Further, the FIR and the earlier chargesheet by the ED underline that a Kolkata-based firm, Dotex Merchandise Pvt Ltd—which was described as a shell company—routed nearly Rs 1 crore to Young Indian, which allegedly helped execute the takeover.
Beyond the question of share transfers, investigators claim monetary flows far beyond the initial transaction. The ED has claimed that the YI–AJL network was used to generate what it calls proceeds of crime in the form of fake donations, bogus advance rent, and fictitious advertisements, amounting to several crores.
"AJL also collected bogus advance rent to the tune of Rs. 38.41 crore during the period 2017-18. The rent received was found to be fake, as no rent agreements existed. On inquiry from the concerned entities, it was found out that the money was transferred to AJL on the instructions of senior Congress leaders without any actual commercial transaction. This shows that the accused have been continuing to indulge in the offence of money laundering by using AJL, which is under the control and management of Young Indian, as an instrument to generate further proceeds of crime. During the investigation, it is revealed that lease agreements with TCS and JSW projects were properly drafted and executed, while the agreements with the other nine parties mentioned in the table below were not executed," reads the FIR.

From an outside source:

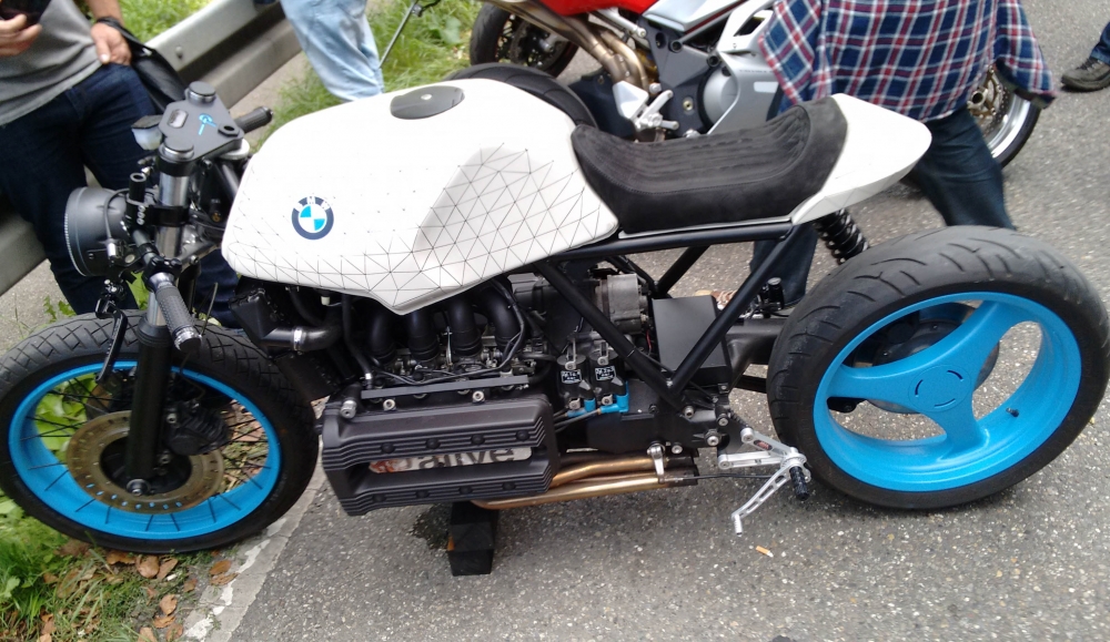 BMW K100s are getting trendy for customizers, probably because it is getting more difficult to find air cooled boxers for a reasonable price now. But where there's a will . .

It further stated, "AJL also claimed to have received revenue of Rs 29.45 crore from advertisements published in its newspapers during the period 2017-18 to 2020-21. It was revealed during the investigation that out of this, Rs 15.86 crore was claimed to be received from various Congress-affiliated bodies and the rest of the amount i.e. Rs. 13.59 crore was received from other entities.“
According to the complaint, the persons/entities whose names were mentioned in the ledgers of advertisement were summoned, and they stated that they had paid the amount on instructions of the Congress leaders and some of them even deposed that the money was paid to seek protection from the Congress leaders in the course of their regular business.
“Most of the advertisements given do not commensurate with the business purposes of the donors as these advertisements are mostly in the form of congratulatory messages/birthday wishes to the Congress top leaders,” says the FIR.
Legal fallout
The fresh FIR significantly raises the ante. The case had moved along tediously through courts and agency investigations, with provisional attachments of assets issued across Delhi, Mumbai, and Lucknow in 2023 confirmed by the ED in April 2025.
Now, with criminal conspiracy charges under an FIR, in addition to earlier money laundering prosecution, the Gandhis face charges both on the civil and criminal fronts. The FIR lists not just the two, but also their close associates, such as Sam Pitroda, along with AJL, Young Indian and Dotex Merchandise Pvt Ltd, as accused.
What happens next
An FIR has catalysed a new phase of the legal process. The investigating agencies now have a formal criminal case under which they can arrest, search, seize and question, thus potentially widening the scope beyond just money laundering.
Now, a Delhi court will have to take cognisance of the FIR and decide whether the accused will face trial. Meanwhile, the ED's chargesheet remains pending before a special PMLA court.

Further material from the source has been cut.